Within the lines below, the span from the line with "OPTIMA 3.5SDm2 /" to the line with "三文魚腩(切細粒)100克、", both ends included, is to be reproduced exactly, with pictures omitted.

■ **Supplied material**
▼▼▼

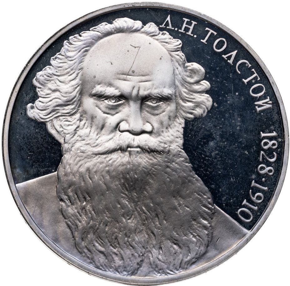 Ко дню рождения (или годовщине смерти) великих людей в СССР с 1970 по 1991 было принято чеканить памятные обиходные рублёвые монеты. В 1988 исполнялось 160 лет со дня рождения Льва Толстого, в честь чего и была выпущена памятная мельхиоровая монета тиражом 4 млн экземпляров. 225 тысяч из них – в качестве «пруф» (специально для коллекционеров), а остальные «анциркулейтед» (обычное). Всего есть 3 разновидности этих монет: обычная, с ошибкой даты чеканки (год 1987), и «Злой Толстой» – отчеканенные штемпелем «А» и «Д» монеты с большей рельефностью. Редкими считаются штемпель «Д» и монеты с неправильной датой.
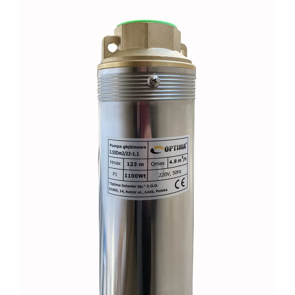 OPTIMA 3.5SDm2 / 22 1,1 кВт 123м оснащений асинхронним однофазними двигуном з коротко замкнутим ротором і «плаваючим» робочим колесом, для реалізації підвищеної стійкості до піску. Насос комплектується вбудованим в пульт теплової захистом, а також конденсаторним блоком. Двигун заповнений спеціальним мінеральним маслом для ефективного охолодження (тепловіддачі в навколишнє середовище), а також для змащення й охолодження підшипників і механічного ущільнення.
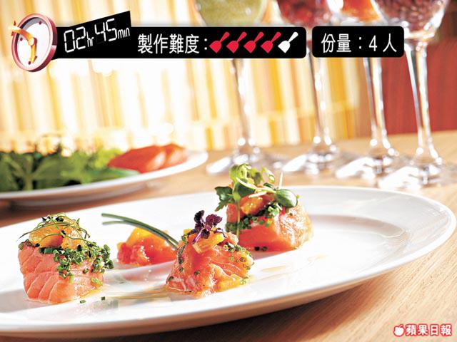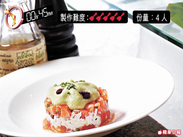 三文魚腩(切細粒)100克、熟蟹肉/番茄茸各30克、細葱50克、檸檬(刨皮)1個、初榨橄欖油10毫升、紅酒醋/黑胡椒碎/海鹽各少許
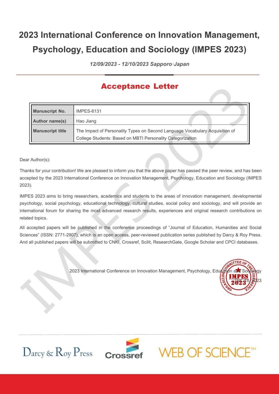 2023年10月18日,由太阳成官网德语专业2021级本科生姜皓独立用英文撰写的论文“The Impact of Personality Types on Second Language Vocabulary Acquisition of College Students: Based on MBTI Personality Categorization”(《人格类型对大学生二语词汇习得的影响:基于 MBTI人格分类》)在国际会议“2023 International Conference on Innovation Management, Psychology, Education and Sociology” (IMPES 2023)上发表。该国际论文同时被Journal of Education, Humanities and Social Sciences(《教育、人文与社会科学杂志》,ISSN: 2771-2907)期刊收录。该期刊被CNKI、Crossref、Scilit、ResearchGate、Google Scholar和CPCI databases(世界著名的三大科技文献检索系统之一)等引文数据库收录为源刊。

▲▲▲

■ **Answer below**
 OPTIMA 3.5SDm2 / 22 1,1 кВт 123м оснащений асинхронним однофазними двигуном з коротко замкнутим ротором і «плаваючим» робочим колесом, для реалізації підвищеної стійкості до піску. Насос комплектується вбудованим в пульт теплової захистом, а також конденсаторним блоком. Двигун заповнений спеціальним мінеральним маслом для ефективного охолодження (тепловіддачі в навколишнє середовище), а також для змащення й охолодження підшипників і механічного ущільнення.
 三文魚腩(切細粒)100克、熟蟹肉/番茄茸各30克、細葱50克、檸檬(刨皮)1個、初榨橄欖油10毫升、紅酒醋/黑胡椒碎/海鹽各少許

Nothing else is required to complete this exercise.